Recent Vault releases include a new Raft storage backend, which supports HA deployments and is officially supported by Hashicorp.
Is it time to change the reference architecture to use this backend as the preferred one for clustered deployments ? My understanding is that we can achieve the same benefits of the Consul-backed deployment without the extra burden of an additional cluster to deploy and manage.
Is there a scenario were a Consul-backed deployment would still be a better choice ?
I think this is a great question. It’s something I’ve been wondering about myself since it was announced. I think it really depends on multiple factors, and the specific implementation per environment.
I think I would prefer to use Consul as my backend if my vault nodes were running as containers. Or maybe they are VM’s, and you use Consul to automate the clustering capability for Vault.
I would probably want to use the Vault internal backend if my vault nodes were longer running VM’s that were static and locked down and needed to ensure no other architecture dependencies. This reduces any impacts to Consul and keeps Vault separate from everything else as security concern.
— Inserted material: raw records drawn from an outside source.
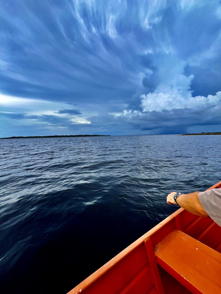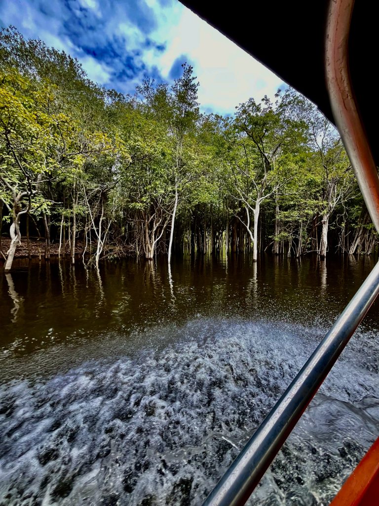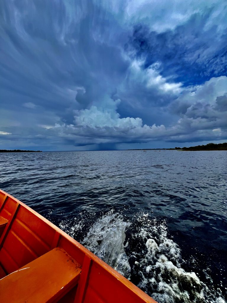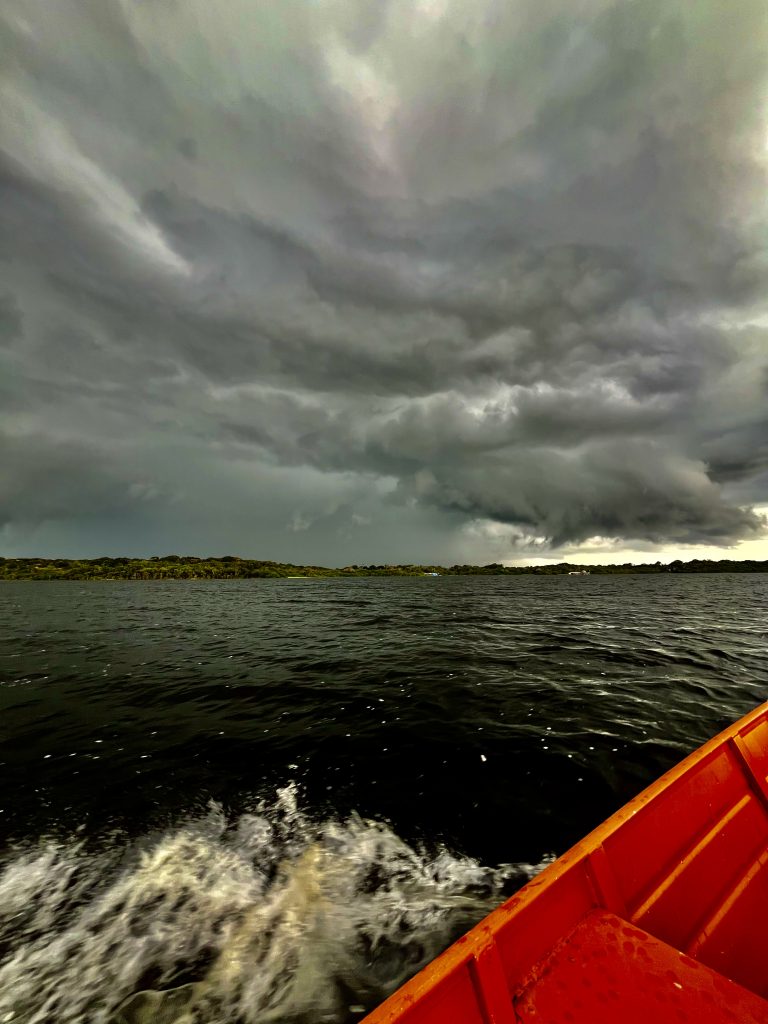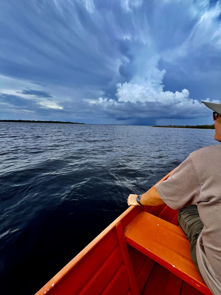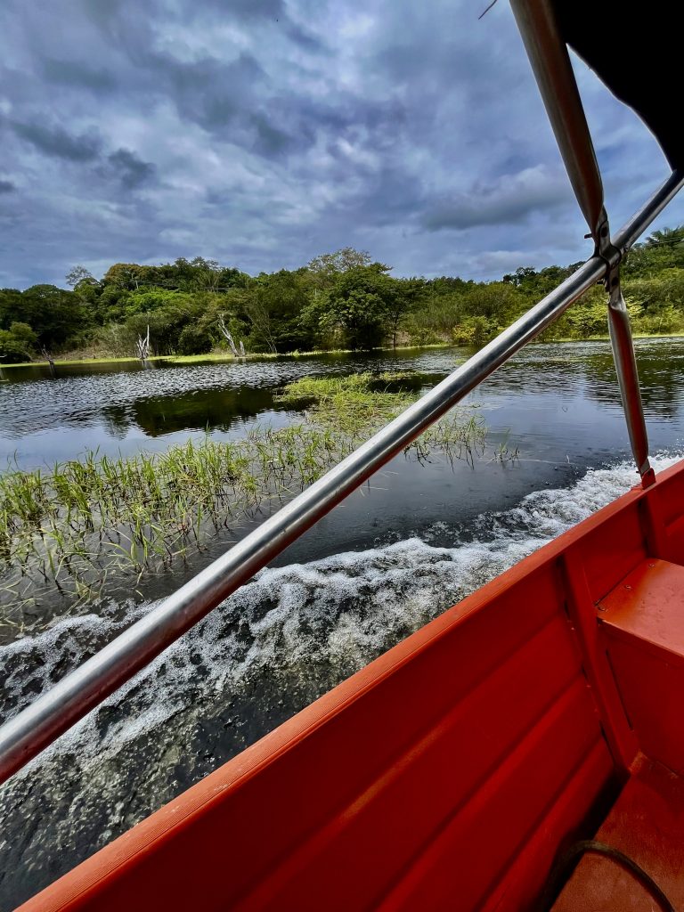 Pünktlich um 15:15 Uhr starten wir mit Nixon am Ruder und Germano als Guide unsere Flusstour. Das Ziel ist, raus aus dem Flussarm bis zum Rio Negro.
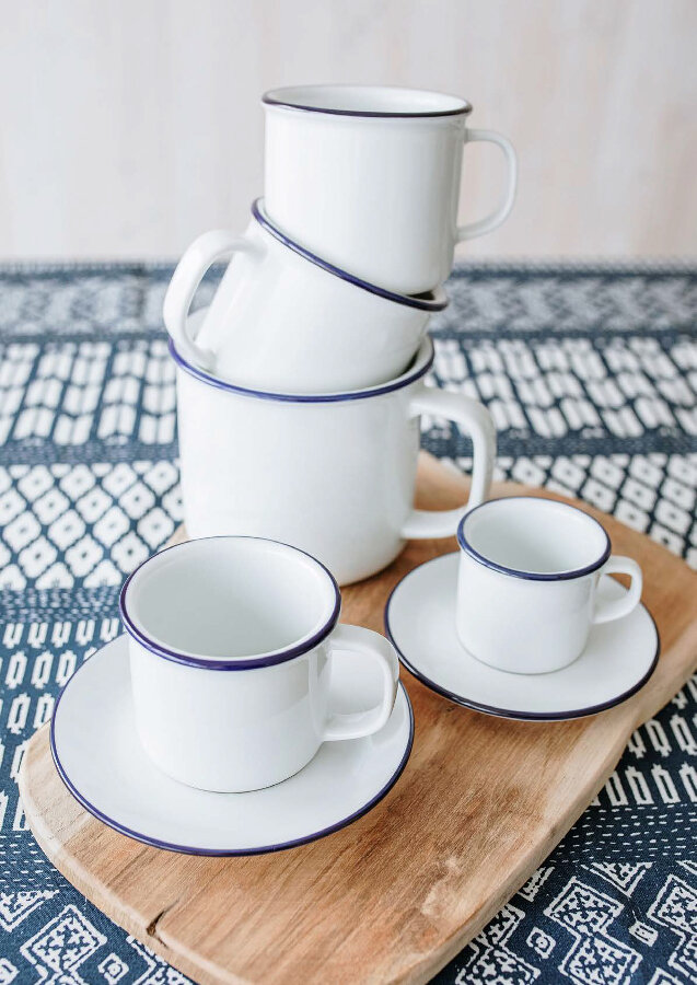 En serie som har en design som för tankar till klassiska muggar i emaljerat utförande men här är de av porslin. Serien Retro med dekoren "Blå kant" innehåller muggar men även kaffekopp och espressokopp som har tillhörande fat.
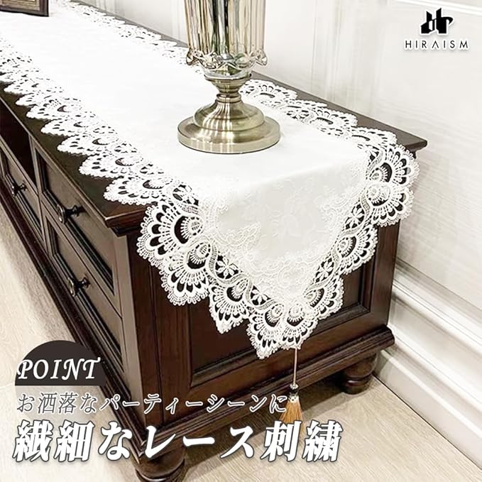 HIRAISM テーブルランナー タッセル レース刺繍 北欧風 お洒落 インテリア ホワイト (180cm)
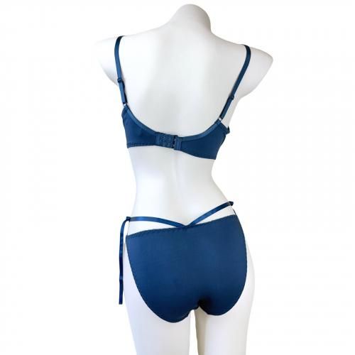 サテンリボンアクセントがセクシー漂うレースブラ・ショーツセット(ブラセット)。デコルテに施されたリボンがフェミニンで、明るいベースカラーにレースを重さねたすっきりと明るい印象のブラとショーツのセット。L字ワイヤーがみぞおちの締め付け感や圧迫感を少なくし、快適な付け心地。サイドで結んだサテンリボンが愛らしさの中にセクシーさが漂うショーツは、フロントやサイドなど結ぶカ所でイメージが異なります。特別な日にはもちろん、普段使いでも気分を上げてくれるデザインです。

That’s exactly what I was thinking: When would I want something different than that - at least for production environments ?
As I was discussing recently with people looking forward to adopt Vault, one should not underestimate how critical Vault becomes to your infrastructure once you’ve start using it, so one should take all steps to create very, very stable environment.
Anything short of that risks creating availability issues that are even more critical to an organization than the security issues Vault tries to solve.
Please note that I’m not advocating against using Consul as backend (or any other, btw). I’m just wondering whether Raft should be the new reference now that we have this option, unless there’s a very good reason not to do so.
Raft isn’t fully ready for production yet. In 1.2 it was released as a technical preview. This is subject to change but I believe the current plan is it will beta in 1.3 and be fully out in 1.4.
Is this still road mapped for being a full supported non-beta feature in 1.4?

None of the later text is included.